The ABS or AB System (Anti-Lock Braking System) is a safety feature for modern cars that prevent the wheels on your car from locking up. They're useful during conditions where you suddenly slam the brakes or if you're on a slick surface like on ice or puddles and you require more maneuverability as you do your brake.
A non-skidding wheel has more traction compared to a skidding locked-up wheel. ABS brakes keeps wheels from skidding while your car slows down, which is an important safety feature to have. If you're able to steer while putting on your brakes, you'll be able to stop faster.
The Components of the ABS That Require Constant Maintenance
There are components of ABS brakes that your technician or mechanic should keep an eye out for.
1. Speed Sensors: These sensors are located in the differential or at each wheel. They deliver a warning signal every time the wheels are about to lock up to the other parts of the AB System in order to prevent it from happening.
2. Valves: These parts are found on each line at the brakes. It's through them that the brake fluid passes through, stops, or released into the AB system.
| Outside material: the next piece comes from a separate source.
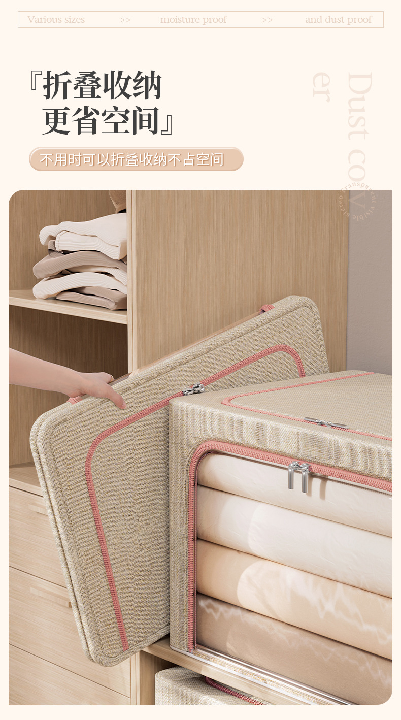 옷 수납함 두꺼운 면과 린넨 소재 의류 이불 정리함 가정용 패브릭 접이식 옷장 수납함

It regulates brake fluid by opening and closing. When the brake fluid is released from the master cylinder, that's when the ABS is activated.
3. Pump: The AB system pump helps control the release of brake fluid from the master cylinder as well, particularly when it comes to pumping the fluid unto your wheels as regulated by the controller and the speed sensors.
4. Controller: The controller of the ABS is the computer of the car that's also responsible for dealing with the other numerous sensors under the hood and displaying error messages when something is wrong with the system.
How Do You Know Your Antilock Brakes Are Working?
You know you have a working antilock system if you feel a pulsing on the brake pedal. The pulsing comes from the valves opening and closing. The fastest of AB systems can cycle up to 15 times every second.
Per wheel revolution, the fastest valves can do 60-100 times of pumping action. The whole point of ABS is to help you stop your car better, because when your wheel locks your car tends to skid out of control and whatnot.
When your brake pedal lacks this pulse, get a mechanic to get a look at it immediately; ditto when getting an error message on your computer display relating to the speed sensor. As long as you still have control of your wheels you'll be able to shorten the stopping distance even on the most slippery of surfaces.
The wheels that can spin while breaking can make your brakes more effective since when the wheels are spinning, it could give traction you wouldn't otherwise have when they're stopped.